A common challenge when working with an offshore factory is quality fade, a term used to describe a diminished level of quality over time. While it may not seem like an egregious attempt to scam the customer, factories will save every penny in cost of goods possible. Managing the details proactively will help. Don’t ask yes or no questions. So for instance, ask the factory what their inbound material qualification process is.
What you are looking for is a consistent set of standards and practices which indicate that down to the raw materials level of the supply chain, the factory holds their vendors accountable or at least has a system in place to avoid poorer quality substitutions. This is a very Western type of stopgap practice, but one that cuts out another opportunity for poor quality.
Let’s assume I’ve found a Chinese supplier and is about to place my first order.
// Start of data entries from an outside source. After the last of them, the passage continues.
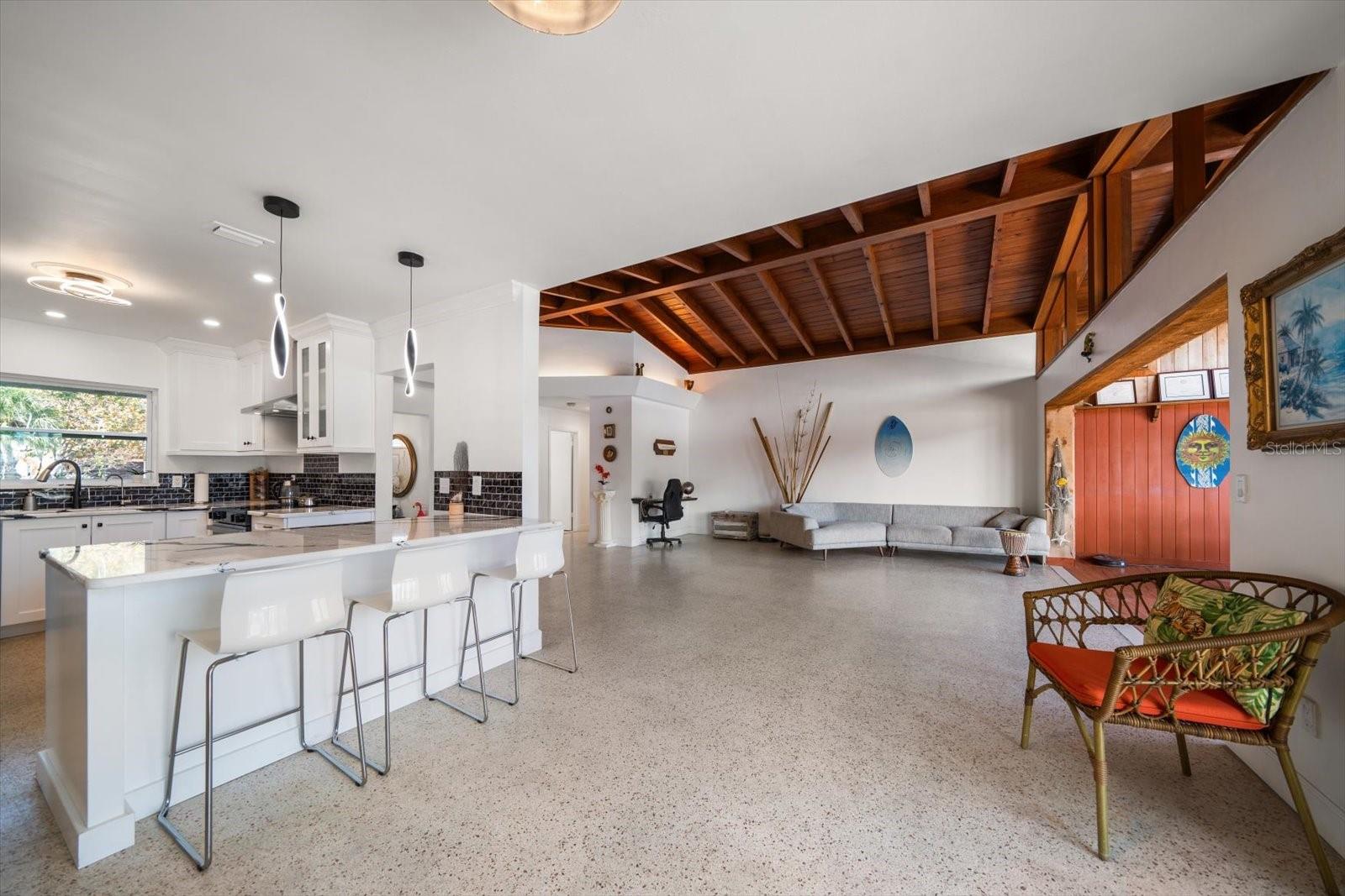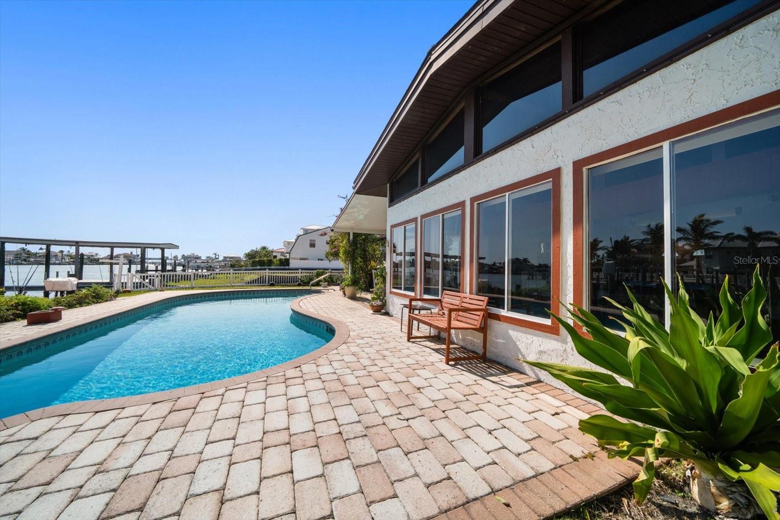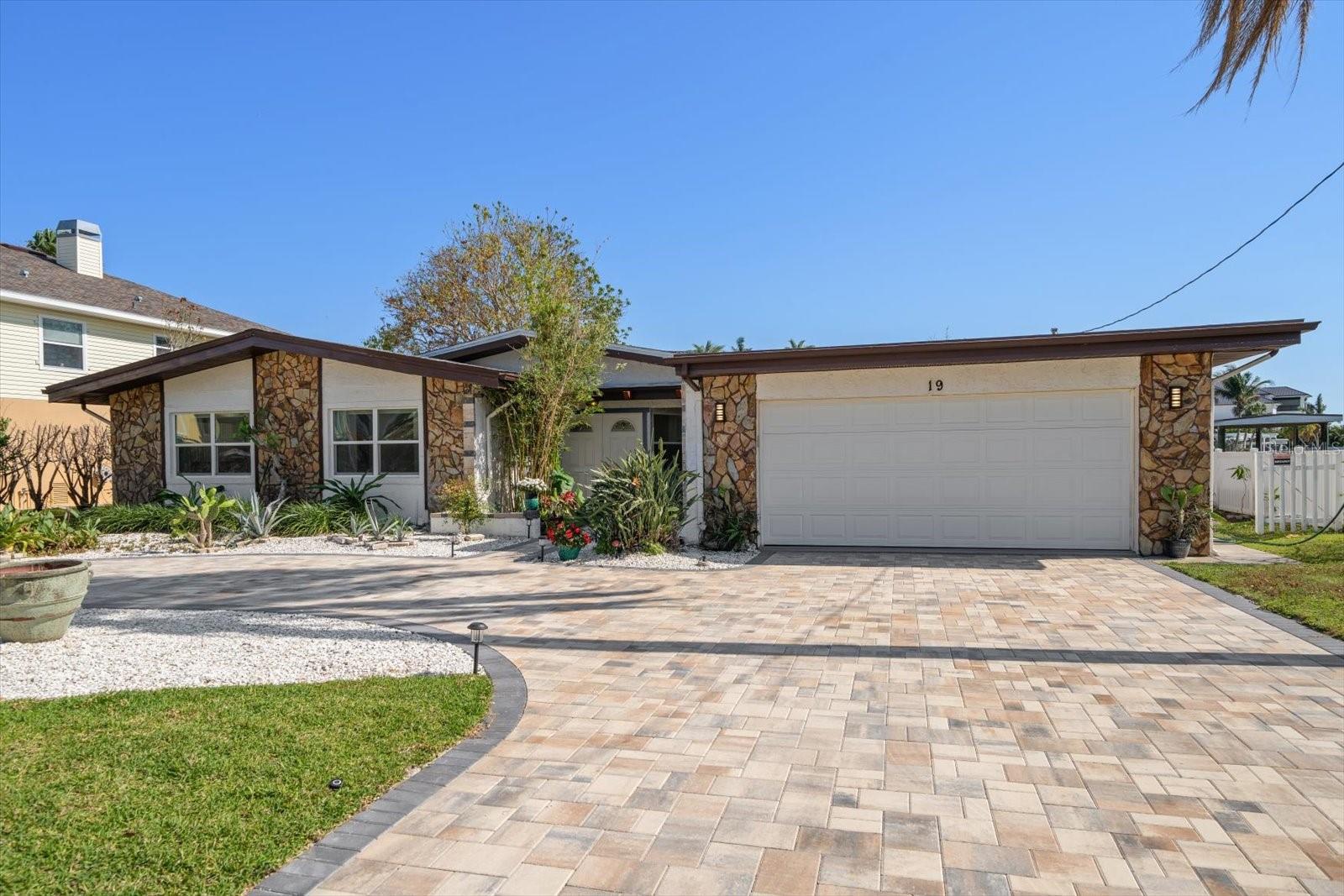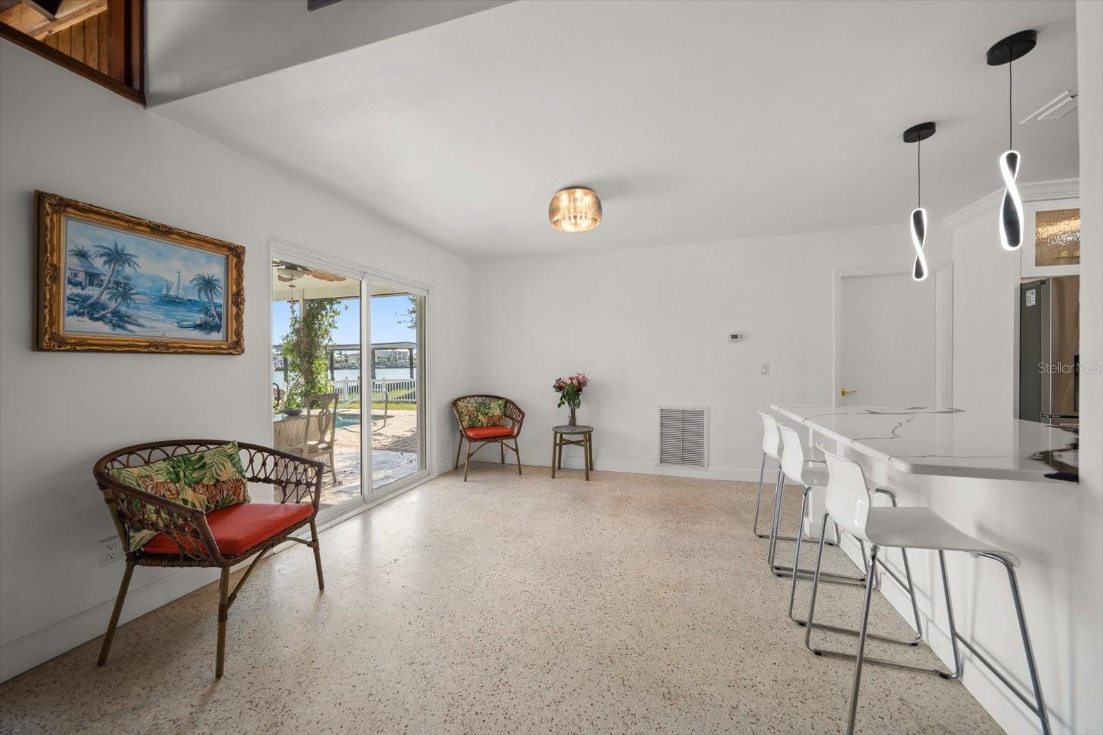 Welcome to this move-in ready Belleair waterfront home, where there is almost 3000 square feet of coastal contemporary style under roof. A brand-new pavered circular driveway sets the tone for the inviting curb appeal, while inside, the wide-open floor plan blends retro character with fresh, modern updates. Original terrazzo floors and wood-beamed vaulted ceilings create a warm, welcoming vibe, especially in the spacious family room where walls of floor-to-ceiling windows frame serene views of the sparkling pool and tranquil water beyond. The brand-new white kitchen is both stylish and functional, featuring quartz countertops, new appliances, a breakfast bar with chic pendant lighting, and seamless flow into the adjacent dining room with new sliders leading out to the pool and outdoor entertaining spaces. The primary bedroom is bathed in natural light and offers a functional, updated ensuite. Two additional bedrooms share a beautifully remodeled hall bath with a double sink vanity and tub/shower combo. A private flex room with beadboard ceilings and its own ensuite—tucked behind the garage—is ideal for a home office, guest suite, nanny quarters, or creative studio. For boating enthusiasts, this is a dream come true with easy access to the Intracoastal and Gulf. Enjoy the charm of Belleair’s small-town atmosphere, all while being just minutes from fine dining, boutique shopping, and the area’s renowned beaches.
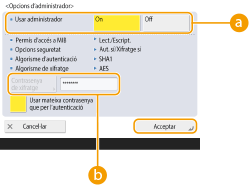 Si "Administrator" està desactivat, no podeu establir <Opcions d'Administrator> (l'opció <Usar Administrator> es fixa en <Off>).
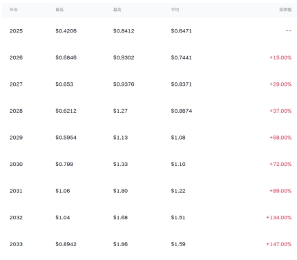 2在2025年,Pi Network預(yù)計(jì)平均價(jià)格會達(dá)到0.6471美元,最高價(jià)為0.8412美元,最低價(jià)則是0.4206美元。要是以當(dāng)下0.6473美元的價(jià)格買入Pi Network ,到2025年,您存在獲得0收益率的可能性。

How do I minimize the risk of being scammed?
1. Check their references well ahead of time and even before you have given them drawings or designs. Get a feel for the types and quality of customers whom they’ve served. This will be a good barometer for you to understand who else has placed their trust with this factory.
2. Ask to see their Factory Registration, the very basic requirement for doing business.
3. Have clear, written details of deliverables, timing and quality standards that you both agree upon.
4. Negotiate terms that are good for both sides.
NOTE: rarely will you get terms similar to Western companies such as Net 30 unless you are pumping tens of millions through their system. Most commonly you will have paid the factory in full before they will even release the shipment Ex-Works. Ask to pay a certain amount upon first article of inspection, an additional amount upon successful production run of a few hundred units and inspect a lot sample of these.
NOTE: at this point develop and sign off on a “Golden Standard” which identifies all details of an acceptable product by color, weight, size, tolerances, fit & function—all requirements. If possible actually have both parties sign two units in permanent marker and maintain an inventory of each lot.
5. Unless you have the resources, time, expertise and manpower, hire a China agent who can manage and mitigate these inherent risks on your behalf.